Main Street in Hanover
Hanover is a medium-sized town surrounded by rolling forested hills, the Connecticut River, and many lakes and ponds. Mountain ranges in both New Hampshire and Vermont are within several hours' drive. Winters are cold and snowy, with temperatures typically 20 degrees Fahrenheit (roughly -6 degrees Celsius) or lower, while summers can be humid and hot, with temperatures in the 80s and 90s (27–37 degrees Celsius). The town is governed by an elected board of selectmen.
One month (mid June to mid July).
You will either work in the Rassias Center for World Languages and Cultures or hold two successive internships, one at the Hood Museum of Art (on hiatus due to renovations until 2017) and one at the Office of Public Affairs. The Rassias intern will also have the opportunity to intern at the Rockefeller Center for Public Policy. You may also audit classes with the instructor′s permission.
AUK students stay on campus in student dormitories during their internship.
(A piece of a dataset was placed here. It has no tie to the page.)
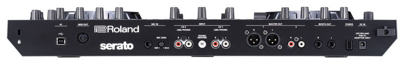 Roland DJ-505 - controller DJ profesional, cu 2 canale, controller Serato cu 4 deck-uri, care combină capacitățile avansate ale Serato DJ cu sunetele și sequencing-ul drum machine-urilor Roland TR-808, TR-909, TR-606, și TR-707, făcând să fie ideeal pentru DJ, performanțe live, petreceri, cluburi sau baruri. Beneficiază de o interfață audio incorporată cu rezoluție de 24-bit/ 48 kHz, două seturi ieșiri master ce includ conectori XLR și RCA, în timp ce ieșirea de booth este oferită pe 2 conectori balansați jack 1/4". Adițional, beneficiază de 2 ieșiri de căști cu conectori jack 1/4" și 1/8" ce permit utilizarea a două perechi de căști simultan. Pe lângă toate acestea, beneficiază de o intrare de microfon cu conector 1/4", ce permite conectarea unui microfon sau chiar instrument, putând utiliza pentru acestea și efecte precum gate, hi-pass filter, reverb, sau echo.
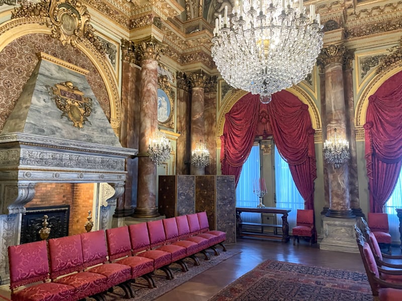Dining Room, The Breakers, Newport, RI – The dining room was one of the mansions grandest rooms.  As a summer “cottage”, The Breakers was used for entertaining guests and extended family, so the dining room was utilized for large banquets.  The Baccarat crystal chandeliers can light the room with either gas or electricity.  The family’s 1000 piece table silver was stored in a steel vault in the pantry!

Approximately 4,800 undergraduate and 1,200 graduate students attend Dartmouth during fall, winter, and spring terms. During the time of the AUK internships, the entire sophomore class at Dartmouth is on campus.
Summers in Hanover typically are warm, usually with temperatures around 70 to 80 degrees Fahrenheit (21–27 degrees Celsius), although they can dip to the low 60s (15-plus degrees) and climb to the low 90s Fahrenheit (32-plus degrees Celsius). Periods of humidity and rain showers are common.
Most essential resources are within walking distance of the dormitories. There is a free public bus service available on weekdays, as well as taxi service at all times.